AI crawlers, LLM fetchers, and most automation tools don't run JavaScript. They see only the initial HTML your server sends. If your site is a single-page app that renders everything client-side, agents see an empty div and a bundle URL — no content, no headings, no useful information.
Measures how fast your server responds to the initial page request and counts any redirect hops along the way.
Records the total time from request to full response for your homepage. Tracks the HTTP status code and counts redirects (e.g., HTTP → HTTPS, www → non-www, or vanity URL redirects).
AI agents process pages at scale — they're fetching thousands of URLs with strict per-request timeouts. A 3-second response time means your pages will be deprioritized or skipped entirely. Redirect chains add latency and sometimes break bot crawlers that don't follow all hops.
Structured data and metadata quality
Extracts and validates JSON-LD structured data blocks embedded in your page, looking for recognized Schema.org types.

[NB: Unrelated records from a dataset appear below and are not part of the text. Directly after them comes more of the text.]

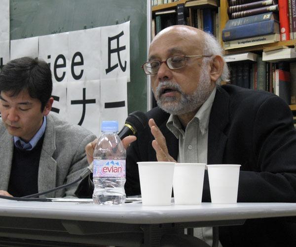 パルタ・チャタジー氏はインド出身の政治学者・歴史学者で、アジアや途上国の視点から先鋭な問題提起を行ってきた。ことに、南アジアの民衆の歴史を掘り起こそうと試みた「サバルタン研究(the Subaltern Studies)」の中心に立ち、それまで顧みられなかった「民衆の政治」という領域を明らかにするために、「ポストコロニアルな批判」を提起したことで 知られている。
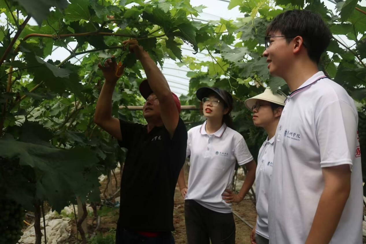 走著走著你會看見葡萄架下有著幾處黑影,那是辛勞的果農們在田里勞作。他們穿著勞動服,佩戴著帽子和手套,他們分工合作,有的人在葡萄藤旁修剪枝條,有的人在葡萄藤旁除草,還有的人在田地里松土。
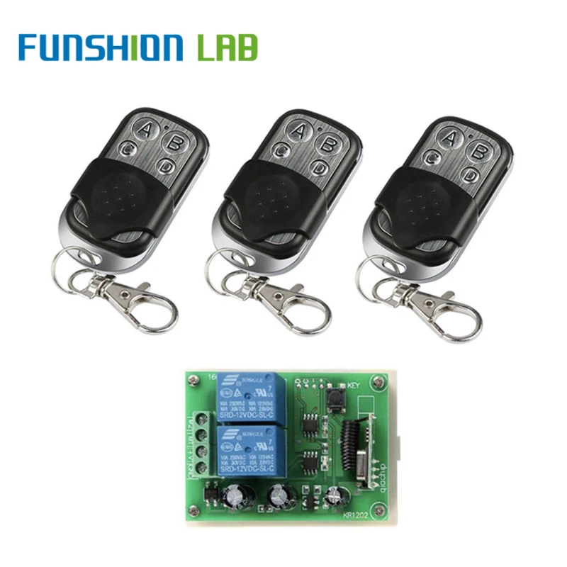 Беспроводной Радиочастотный переключатель FUNSHION, 433 МГц, 12 в пост. Тока, 2 канала, радиочастотный релейный модуль приемника + 433 МГц, пульт дистанционного управления для двигателя постоянного тока, контроллер обратного управления
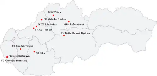 | ŠK Matador Púchov | Púchov | Mestský štadión Púchov | 6.000 |
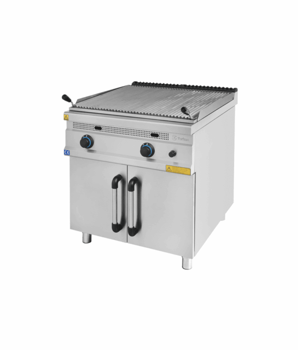 Grelhador de pedra lávica dupla a gás de chão, com estrutura em aço inoxidável, pés niveladores e válvula de segurança de gás.
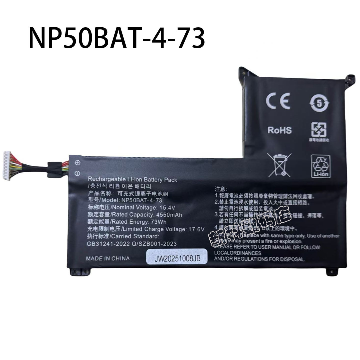适用 七彩虹 将星X15/X17 AT 23 NP50BAT-4-73 笔记本电池
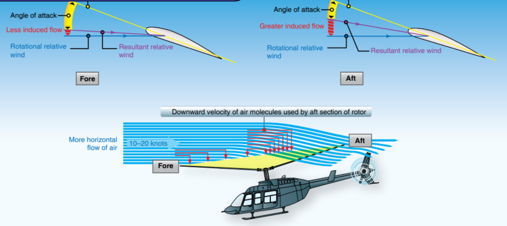 It is the differential (unequal) lift between advancing and retreating halves of the rotor disk caused by the different wind flow velocity across each half. This difference in lift would cause the helicopter to be uncontrollable in any situation other than hovering in a calm wind.

Parses all <script type="application/ld+json"> blocks from the HTML. Extracts @type values from each block, including nested items within @graph arrays. Checks for "important" types: Organization, WebSite, WebPage, Article, and Product.
JSON-LD gives agents machine-readable facts about your page — who published it, what type of content it is, when it was updated, what it's about. Without structured data, agents have to infer this from HTML patterns, which is unreliable and lossy. Well-structured JSON-LD means better citations, richer context, and more accurate AI-generated summaries.
Checks for 6 essential HTML metadata elements that help agents quickly understand and categorize your page.
Scans the HTML for: (1) lang attribute on the <html> tag, (2) <title> tag with more than 5 characters, (3) <meta name="description"> with more than 20 characters, (4) <link rel="canonical"> URL, (5) at least one <h1> heading, and (6) Open Graph og:title meta tag.
These metadata basics are the first thing any crawler reads. The lang attribute tells agents what language to expect. The title and description give a summary without parsing content. The canonical URL prevents duplicate indexing. The h1 signals the primary topic. OG tags provide the social/sharing context. Missing any of these forces agents to guess — and guesses are often wrong.